Posted on 9 September, 2022 - 11:38 | Category : .
In each SCF, a specific controller and an alternate deputy specific controller, chosen from among those persons registered on the list of auditors, are appointed for a term of four years by the company’s management, with the approval of the Autorité de contrôle prudentiel et de résolution.
The alternate specific controller is appointed so that he can replace the incumbent in the event of refusal, impediment, resignation or death. His functions cease on the expiry date of the mandate entrusted to the specific controller, unless the impediment is only of a temporary nature. In that case, when the impediment has ceased, the incumbent resumes his functions after drawing up the report referred to in the fifth paragraph of the present article.
Neither the auditor of the SCF, nor the auditor of any company controlling the SCF in the sense of article L. 233-3 of the Code de Commerce, nor the auditor of a company directly or indirectly controlled by a company controlling the SCF, can be appointed as the specific controller or alternate specific controller.
The specific controller monitors SCF compliance with articles L.513-2 to L.513-12. He checks that the assets transferred to an SCF are in conformity with the purpose defined in article L.513-2 and satisfy the conditions set out in articles L. 513-3 to L.513-7. In addition, for the obligations foncières for which the société de crédit foncier wishes to obtain the label or has obtained the label of guaranteed high-quality European bond mentioned in Article L. 513-26-1, it shall verify, under the conditions defined by order of the Minister in charge of the economy, compliance with the requirements of Article 129 of Regulation (EU) No 575/2013 of 26 June 2013.

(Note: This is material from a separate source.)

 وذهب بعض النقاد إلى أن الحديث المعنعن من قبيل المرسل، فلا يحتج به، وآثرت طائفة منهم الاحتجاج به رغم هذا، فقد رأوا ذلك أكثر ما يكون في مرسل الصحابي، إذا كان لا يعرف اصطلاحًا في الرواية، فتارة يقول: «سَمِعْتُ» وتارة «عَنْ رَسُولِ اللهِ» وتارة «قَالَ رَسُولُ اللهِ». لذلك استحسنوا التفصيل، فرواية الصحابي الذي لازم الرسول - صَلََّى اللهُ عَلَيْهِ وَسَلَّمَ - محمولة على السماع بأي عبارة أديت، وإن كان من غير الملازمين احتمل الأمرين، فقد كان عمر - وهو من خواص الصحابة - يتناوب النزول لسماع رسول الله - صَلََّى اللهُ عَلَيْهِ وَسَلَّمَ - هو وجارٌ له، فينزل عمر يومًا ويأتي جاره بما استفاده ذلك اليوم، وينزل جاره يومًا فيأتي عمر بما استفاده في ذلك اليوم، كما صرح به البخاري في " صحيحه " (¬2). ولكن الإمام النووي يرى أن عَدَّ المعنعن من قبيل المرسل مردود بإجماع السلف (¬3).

The specific controller certifies that the documents sent to the Autorité de contrôle prudentiel are in compliance with the above provisions. He draws up an annual report on the accomplishment of his duties for the company’s management and board, a copy of which is sent to the Autorité de contrôle prudentiel et de résolution.

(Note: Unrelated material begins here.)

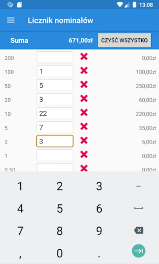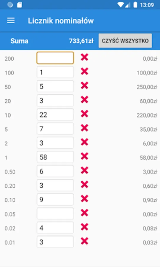 The program allows you to enter the amount of each type of coins and banknotes. After entering the amount, application calculates the total amount of the cash.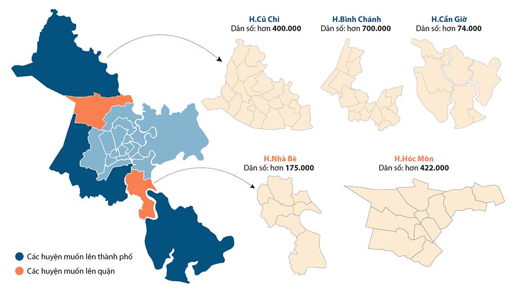 Theo Sở Nội vụ TP HCM, các huyện Hóc Môn, Bình Chánh, Nhà Bè, Củ Chi và Cần Giờ chủ yếu ở vị trí cửa ngõ thành phố, kết nối các tỉnh miền Đông và Tây Nam Bộ. Những năm qua, các địa phương này tốc độ đô thị hoá nhanh, nhiều khu đô thị, hạ tầng, tuyến cao tốc đã và đang hình thành. Trình độ dân trí, lối sống đô thị được hình thành và không khác biệt nhiều so với các quận nội thành.

The specific controller attends all shareholders’ meetings and, at his request, may be heard by the board of directors or the executive board.
The specific controller, as well as his staff and experts, is bound by professional confidentiality concerning the facts, acts and information of which he may have knowledge by reason of his functions. However, he is released from professional confidentiality in his dealings with the Autorité de contrôle prudentiel et de résolution, and he is bound to report immediately any fact or decision of which he becomes aware in the performance of his duties, and which might interfere with the conditions or continued operation of the SCF. Professional confidentiality is also lifted within the framework of their respective duties, between the specific controller and the auditors of the SCF or of any company that controls the SCF, in the sense of article L. 233-3 of the Code de Commerce. The specific controller reveals to the Procureur de la République any criminal acts of which he has knowledge, without incurring liability in relation to that revelation.
The specific controller is liable, both to the company and to third parties, for any prejudicial consequences of any errors or negligence he may have committed in the exercise of his duties.